> _Assigned task_
Set down, exactly and only, everything from the line containing "#11月基金投资策略# $长城中债1-3年政金债A$ #晒收益#" down to the line containing "တိုင်းဒေသကြီးအစိုးရအဖွဲ့၊ စီးပွားရေးရာဝန်ကြီးဌာန ဝန်ကြီး" in the data below; the pictures are not part of the copy.

> _Excerpted records_
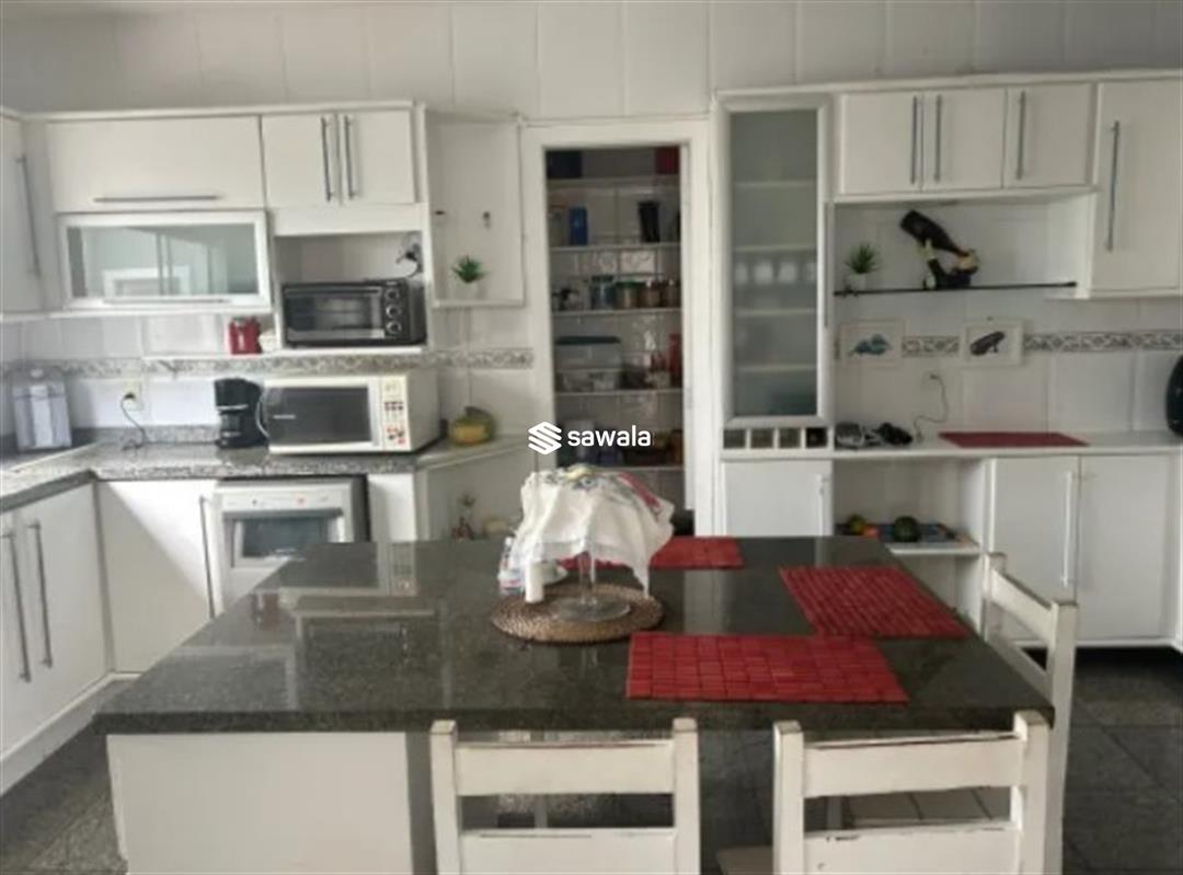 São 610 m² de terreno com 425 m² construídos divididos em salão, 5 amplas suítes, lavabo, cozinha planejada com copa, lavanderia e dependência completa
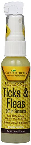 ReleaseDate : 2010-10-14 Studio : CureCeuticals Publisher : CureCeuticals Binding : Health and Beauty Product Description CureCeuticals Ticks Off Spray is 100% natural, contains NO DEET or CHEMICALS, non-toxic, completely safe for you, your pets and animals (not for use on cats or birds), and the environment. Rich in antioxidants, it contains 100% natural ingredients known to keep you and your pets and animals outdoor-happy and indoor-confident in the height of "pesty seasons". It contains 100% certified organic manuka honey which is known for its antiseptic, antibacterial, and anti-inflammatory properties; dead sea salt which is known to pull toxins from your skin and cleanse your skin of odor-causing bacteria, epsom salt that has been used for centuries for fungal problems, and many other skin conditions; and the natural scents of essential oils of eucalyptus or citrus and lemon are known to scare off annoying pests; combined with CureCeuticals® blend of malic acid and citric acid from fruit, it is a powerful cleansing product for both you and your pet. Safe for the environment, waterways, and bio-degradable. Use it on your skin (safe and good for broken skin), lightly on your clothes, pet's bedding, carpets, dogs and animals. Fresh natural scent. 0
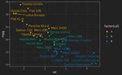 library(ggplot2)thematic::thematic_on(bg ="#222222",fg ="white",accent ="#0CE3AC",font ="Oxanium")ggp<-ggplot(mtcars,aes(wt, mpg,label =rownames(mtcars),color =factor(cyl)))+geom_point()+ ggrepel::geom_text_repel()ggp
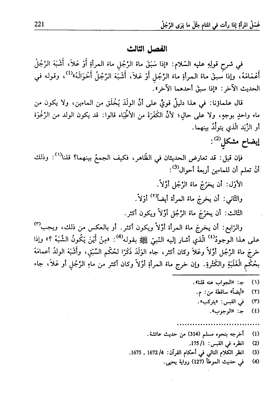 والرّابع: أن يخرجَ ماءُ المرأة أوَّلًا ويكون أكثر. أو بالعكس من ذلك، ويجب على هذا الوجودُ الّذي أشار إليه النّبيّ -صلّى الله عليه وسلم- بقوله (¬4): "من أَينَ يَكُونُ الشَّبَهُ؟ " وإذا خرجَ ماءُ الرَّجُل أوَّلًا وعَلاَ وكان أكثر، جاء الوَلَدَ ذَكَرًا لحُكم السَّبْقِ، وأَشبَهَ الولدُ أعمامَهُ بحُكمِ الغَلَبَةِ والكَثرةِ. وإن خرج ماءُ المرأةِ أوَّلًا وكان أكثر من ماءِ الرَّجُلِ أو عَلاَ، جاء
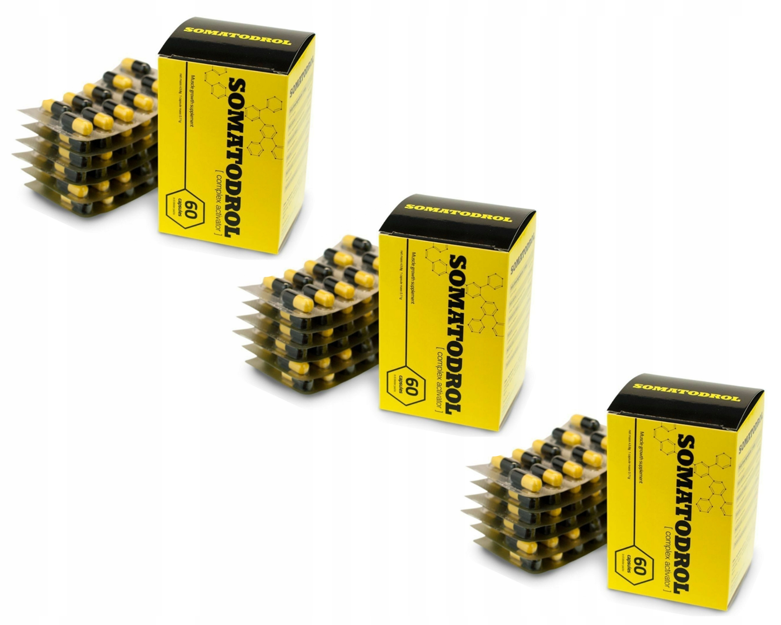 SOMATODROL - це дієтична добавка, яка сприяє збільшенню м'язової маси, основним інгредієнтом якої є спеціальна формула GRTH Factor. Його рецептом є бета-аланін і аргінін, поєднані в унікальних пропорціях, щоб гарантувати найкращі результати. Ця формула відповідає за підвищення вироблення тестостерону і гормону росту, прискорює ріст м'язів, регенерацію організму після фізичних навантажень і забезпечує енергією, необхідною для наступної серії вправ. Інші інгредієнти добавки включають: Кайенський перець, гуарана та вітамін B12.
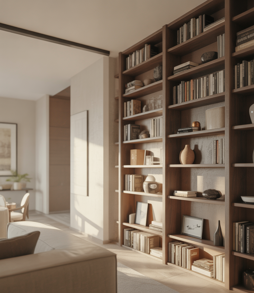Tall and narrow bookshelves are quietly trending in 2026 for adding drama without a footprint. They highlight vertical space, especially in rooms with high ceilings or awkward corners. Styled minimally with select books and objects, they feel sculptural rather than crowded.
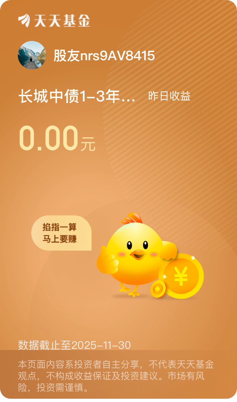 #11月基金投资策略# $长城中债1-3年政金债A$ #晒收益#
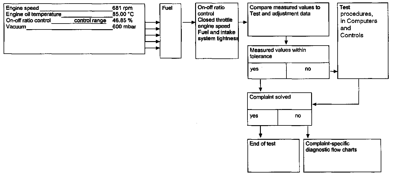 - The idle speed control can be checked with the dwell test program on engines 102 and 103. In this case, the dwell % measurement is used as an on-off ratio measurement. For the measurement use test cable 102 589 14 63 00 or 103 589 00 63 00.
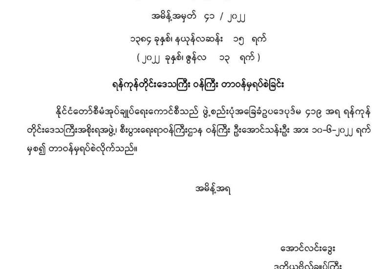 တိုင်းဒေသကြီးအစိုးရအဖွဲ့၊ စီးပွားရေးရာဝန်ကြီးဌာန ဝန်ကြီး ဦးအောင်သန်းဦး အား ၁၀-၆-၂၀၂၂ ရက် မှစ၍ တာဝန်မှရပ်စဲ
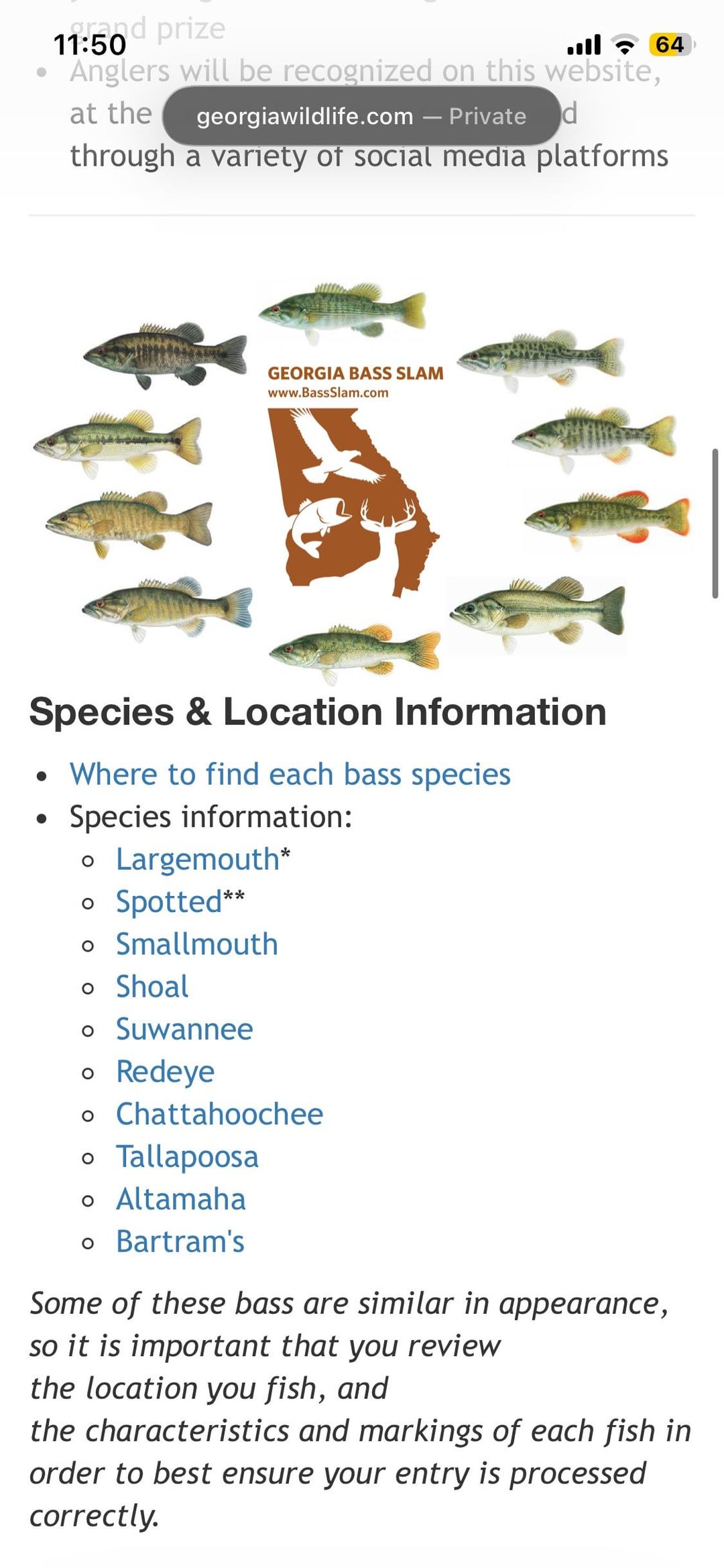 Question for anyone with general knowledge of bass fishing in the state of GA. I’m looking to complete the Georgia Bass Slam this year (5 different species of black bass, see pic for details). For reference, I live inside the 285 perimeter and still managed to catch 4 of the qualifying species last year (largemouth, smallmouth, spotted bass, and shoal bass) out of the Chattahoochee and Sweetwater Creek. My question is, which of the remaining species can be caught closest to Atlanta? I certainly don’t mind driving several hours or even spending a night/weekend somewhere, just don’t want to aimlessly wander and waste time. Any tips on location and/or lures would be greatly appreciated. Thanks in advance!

> _Response box_
 #11月基金投资策略# $长城中债1-3年政金债A$ #晒收益#
 - The idle speed control can be checked with the dwell test program on engines 102 and 103. In this case, the dwell % measurement is used as an on-off ratio measurement. For the measurement use test cable 102 589 14 63 00 or 103 589 00 63 00.
 တိုင်းဒေသကြီးအစိုးရအဖွဲ့၊ စီးပွားရေးရာဝန်ကြီးဌာန ဝန်ကြီး ဦးအောင်သန်းဦး အား ၁၀-၆-၂၀၂၂ ရက် မှစ၍ တာဝန်မှရပ်စဲ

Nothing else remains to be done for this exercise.